━━━ Data provided
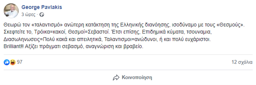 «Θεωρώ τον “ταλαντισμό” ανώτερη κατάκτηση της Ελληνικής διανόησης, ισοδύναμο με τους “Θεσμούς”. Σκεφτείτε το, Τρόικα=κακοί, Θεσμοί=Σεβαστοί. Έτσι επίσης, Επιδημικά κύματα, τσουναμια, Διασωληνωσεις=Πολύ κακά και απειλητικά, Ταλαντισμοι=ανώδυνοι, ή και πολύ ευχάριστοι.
━━━━━━
━━━ Data provided
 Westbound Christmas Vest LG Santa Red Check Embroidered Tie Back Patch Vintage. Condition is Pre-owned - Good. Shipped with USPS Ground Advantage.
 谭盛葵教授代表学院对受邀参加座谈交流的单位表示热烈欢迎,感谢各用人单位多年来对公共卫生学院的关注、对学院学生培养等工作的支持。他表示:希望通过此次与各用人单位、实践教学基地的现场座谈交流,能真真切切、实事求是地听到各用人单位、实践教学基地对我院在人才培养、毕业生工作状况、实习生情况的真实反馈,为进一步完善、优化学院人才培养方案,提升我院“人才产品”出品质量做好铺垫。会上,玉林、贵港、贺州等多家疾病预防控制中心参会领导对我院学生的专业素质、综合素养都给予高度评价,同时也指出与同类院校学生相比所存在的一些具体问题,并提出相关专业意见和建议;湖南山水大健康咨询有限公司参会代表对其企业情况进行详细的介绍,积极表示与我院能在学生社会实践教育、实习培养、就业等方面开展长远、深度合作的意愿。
━━━━━━
The problem: From the records above, print exactly the lines that run from the line with "Westbound Christmas Vest" to the line with "谭盛葵教授代表学院对受邀参加", inclusive.

Your response:
 Westbound Christmas Vest LG Santa Red Check Embroidered Tie Back Patch Vintage. Condition is Pre-owned - Good. Shipped with USPS Ground Advantage.
 谭盛葵教授代表学院对受邀参加座谈交流的单位表示热烈欢迎,感谢各用人单位多年来对公共卫生学院的关注、对学院学生培养等工作的支持。他表示:希望通过此次与各用人单位、实践教学基地的现场座谈交流,能真真切切、实事求是地听到各用人单位、实践教学基地对我院在人才培养、毕业生工作状况、实习生情况的真实反馈,为进一步完善、优化学院人才培养方案,提升我院“人才产品”出品质量做好铺垫。会上,玉林、贵港、贺州等多家疾病预防控制中心参会领导对我院学生的专业素质、综合素养都给予高度评价,同时也指出与同类院校学生相比所存在的一些具体问题,并提出相关专业意见和建议;湖南山水大健康咨询有限公司参会代表对其企业情况进行详细的介绍,积极表示与我院能在学生社会实践教育、实习培养、就业等方面开展长远、深度合作的意愿。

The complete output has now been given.